Reactions: Like Like:
2 | Like List reactions


----------



## GrauGeist (Sep 1, 2018)

Wonder how many Soviet pilots died because they believed this propeganda...


----------



## parsifal (Sep 1, 2018)

I don't see the problem with it. FW190s were inferior in terms of climb and speed to some of the later VVS types, The video gives the german aircraft its due, principally its heavy broadside and outlines some of its wealnesses, namely its lack of protection from some angles and somewhat poor manouverability. These are all valid points to make with respect to the FW190.

We should not forget that from all causes, a lot of German losses were suffered on the eastern front, and more importantly, the LW fighters proved incapable of achieving air dominance over their own airspace, much less the airspace over Soviet forces. FW 190 failings share in that defeat.


----------



## GrauGeist (Sep 1, 2018)

Um...this video is from 1940 - at that point in time, exactly which Soviet fighter was it inferior to?

The Fw190A-4 had already proven it's worth against the British, so what did the Soviets have in 1940?

The LaGG-1, I-16, YaK-1 were not really world beaters, to be honest...


----------



## parsifal (Sep 1, 2018)

Except that the video is not from 1940. I believe there is a mistranslation somewhere...…although I am not absolutely certain where the mistake occurs, the references to this video being "volume 3" suggests to me that the first video dated back to 1941, the second from 1942 and the third from 1943 . From other sources, I know that the VVS did not complete its report on the FW190 A4 until mid 1943, and this training film appears to be part of that. 
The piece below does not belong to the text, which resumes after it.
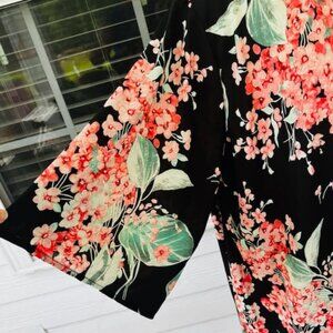Pre-owned and in great condition- no tags- Women's Plus Size OS Kimono by Janette Plus. Beautiful black with peach/pink florals & green foliage. Beautiful for the spring & summer and lightweight. Perfect over a shell, tank or t-shirt. Also can be worn as a robe or bathing suit coverup.

The assessment is from mid 1943. Some evidence to support that can be derived from the fact that they are assessing the A-4 subtype, which did not fall into VVS control until 1943. They also assess the armament as 2x LMG and 4 x 20mm cannon. The versions in existence 1940-41 were not so equipped

The A-4 was introduced July 1942, hardly in time to make any appreciable difference "over Britain". It was quite effective in the defensive battles over western Europe, though by that date, hardly decisive (I note that the strike groups of western Europe had pulled away from their coastal deployments by then....if the FW 190 had been so decisive, this would not have been necessary. For reasons outlined below, it will become apparent that as a weapon, the FW190 was not particualalry effective in the sir defence role either). The lions share of damage to BC and 2 group had occurred in the previous year and in the early part of 1942. The fighter of choice at these times in the west was mainly the Me109, not the FW 190. The FW 190 had enjoyed some success in high speed low level hit and run nuisance raids in early 1942, but these activities, whilst audacious, were in no way decisive, or likely to teach the british anything they did not already know (though I would concede that the disclosure of the FW 190 and its superb performance did inflict something of a temporary inferiority complex over fighter command for a short while). The British answer to these sneak attacks were to introduce the spitfire IX and Typhoon (as a fighter) and to use, in increasing numbers, high performance bombers like the mosquito BIV (for daylight tactical operations), and for their main bomber forces to pile on the pressure at night. After the first 1000 bomber raids back in March, these night attacks were beginning to bite, in the sense that the LW was at last forced to pour more resources into flak defences and air defence over the reich….over 1million men in the reich defences in 1942 alone, with 80% of the flak divisions were in the west or the Reich. About 70% of Ordinance production in 1942 was being diverted to flak units, and more than 50% of ammunition production. FW190 or any other German fighter was not effective from that standpoint. The Germans by July 1942 were pouring 52% of their defence expenditure into defending their country from air attack whilst the british were pouring just 12% of their budget into attacking these defences. I fail to see how the FW190, or any other weapon system for that matter can be deemed as cost effective in air defence in 1942, given those stark realities. Remove the romance from the equation and I would say the FW 190 was an abject failure..... 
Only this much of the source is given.